In a morning television show ‘Umagadang Kay Ganda’ of ABS-CBN, Coloma explained he did not say the Philippines will push the Rohingya boat people back to sea if they will be found undocumented.
”I did not say that,” Coloma said.
Coloma clarified that he was quoting the statement of Bureau of Immigration (BI) commissioner Fred Mison who said the Asian boat people will be examined if they will qualify as refugees or asylum seekers.
”If they are not really refugee or stateless persons, that’s would be the basis that they cannot be accepted. If they will be identified as refugees, we have procedures for that based on our commitment to the UN convention,” Coloma explained.

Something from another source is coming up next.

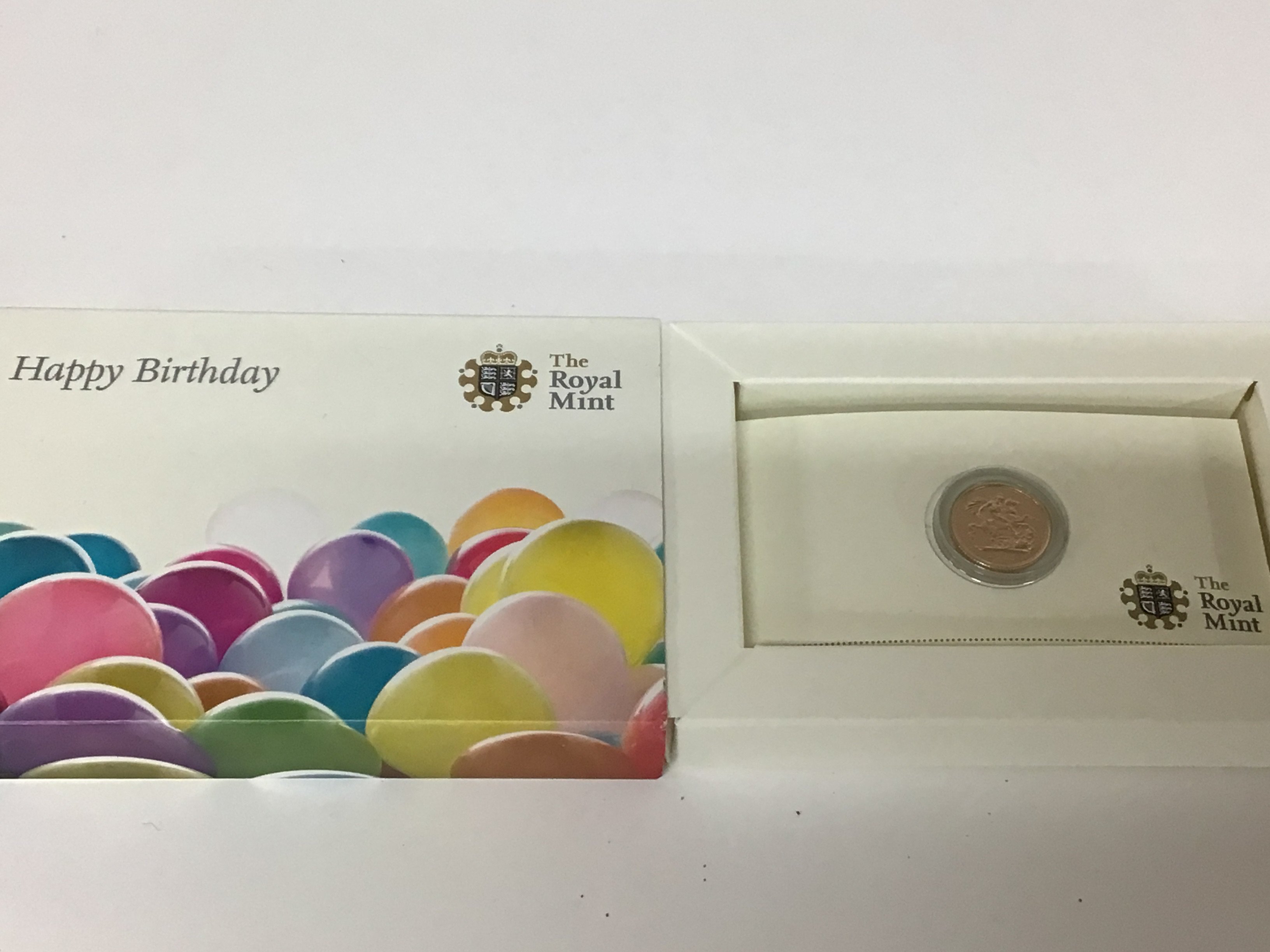 A 2010 gold half sovereign from the Royal Mint in Happy Birthday presentation box.

”Our declaration is clear. First, we will determine if they are real refugee,” he added.
In the past, Coloma said the Philippines has set up Refugee Processing Center for the thousands of boat people from Vietnam in the 1970s.
”We have shown that we’re loving and caring people because we are Christian country. We care people who are in danger and hungry. It’s our responsibility to help them based on our commitment to the UN. Historically, that’s our practice,” Coloma said.
Reports said smugglers have abandoned at sea an estimated 6,000 Bangladeshis and Rohingya Muslims, many of them hungry and thirsty, from Myanmar.
Hundreds of them have reached land but many of them were floating in Southeast Asian seas in boats after Thailand, Indonesia and Malaysia reportedly pushed them back to sea.